本發明大體上關於沉積與處理薄膜的方法。更明確地,本發明關於填充基板中狹窄溝槽的處理。
半導體工業是快速發展的具有越來越小電晶體尺寸的晶片,以獲得每單位面積更多的功能性。由於裝置的尺寸持續縮小,裝置間的間隙/空間也是持續縮小,增加將裝置與另一裝置實體上隔離的困難度。在裝置之間的高深寬比溝槽/空間/間隙(通常是不規則形狀)中,填充高品質介電材料,以現存方法來實施(包括間隙填充、硬遮罩與間隔物應用)已經越來越有挑戰性。
在此領域中有著用於具有更小臨界尺寸的晶片設計之新方法的需求。此外,有著對於硬遮罩與間隔物應用的高品質金屬氧化物膜及在基板上形成圖案化薄膜的方法的持續需求。
本發明的一或更多具體例關於處理方法。提供其上具有至少一特徵的基板。
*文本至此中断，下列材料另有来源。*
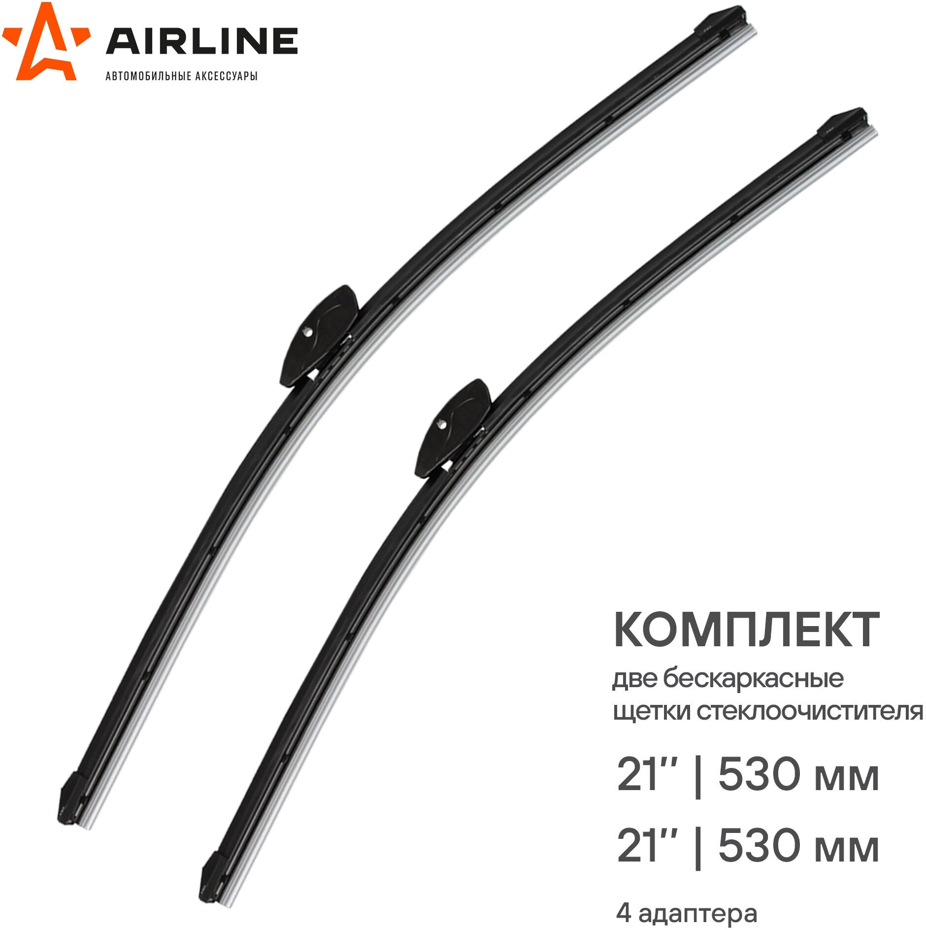 Щетки стеклоочистителя AIRLINE 530530 мм 2121 бескаркасные 2 шт 4 адаптера AWB-BK-530K

此至少一特徵從基板表面延伸一深度至底表面且具有藉由第一側壁與第二側壁所界定的一寬度。一膜是此至少一特徵的底表面。此膜被膨脹以填充此至少一特徵。
本發明額外的具體例關於處理方法,包含提供其上具有至少一特徵的基板表面。此至少一特徵從基板表面延伸一深度至底表面且有由第一側壁與第二側壁所界定的一寬度。一金屬膜形成在基板表面與此至少一特徵的第一側壁、第二側壁及底表面之上。此金屬膜被膨脹以填充此至少一特徵,使得此膜的頂部分包含金屬氧化物、金屬氮化物、金屬矽化物及/或金屬-鍺物種,且此膜的底部分包含此金屬膜。
本發明進一步的具體例關於處理方法,包含提供其上具有至少一特徵的基板表面。此至少一特徵從基板表面延伸一深度至底表面,且具有由第一側壁與第二側壁所界定的一寬度。基板表面包括一膜,此膜填充此至少一特徵並在基板表面上延伸。在基板表面上方的膜被移除,以留下基板表面與暴露的特徵中的膜。特徵中的膜被膨脹以造成此膜的直上成長,以形成從此至少一特徵延伸之此膜的柱子。材料層形成在基板表面上,且此膜的柱子被移除,以留下其上具有材料層的此至少一特徵。
在說明本發明的數個範例具體例之前,將理解到本發明並不侷限於接下來的說明書中所說明的架構或處理步驟的細節。本發明能為其他具體例且可以各種方式實行或執行。
本文中使用「基板」指稱任何基板或形成在基板上的材料表面,在其上於製造處理期間執行膜處理。例如,在其上可執行處理的基板表面包括材料,諸如矽、氧化矽、氮化矽、應變矽、絕緣體上矽(SOI)、碳摻雜氧化矽、非晶矽、摻雜矽、鍺、砷化鎵、玻璃、藍寶石、及其他材料,諸如金屬、金屬氮化物、金屬合金、與其他傳導材料,取決於應用。基板包括而沒有限制於半導體晶圓。基板可暴露至預處理製程以拋光、蝕刻、還原、氧化、羥基化、退火、UV固化、電子束固化及/或烘烤基板表面。除了直接在基板本身表面上的膜處理,在本發明中,揭示的任何膜處理步驟也可執行在形成於基板上的下方層之上,如之後更詳細地揭示,且用語「基板表面」是意指包括如文中所指示的此下方層。因此例如,在膜/層或部分膜/層已經被沉積在基板表面上的地方,新沉積膜/層的暴露表面成為基板表面。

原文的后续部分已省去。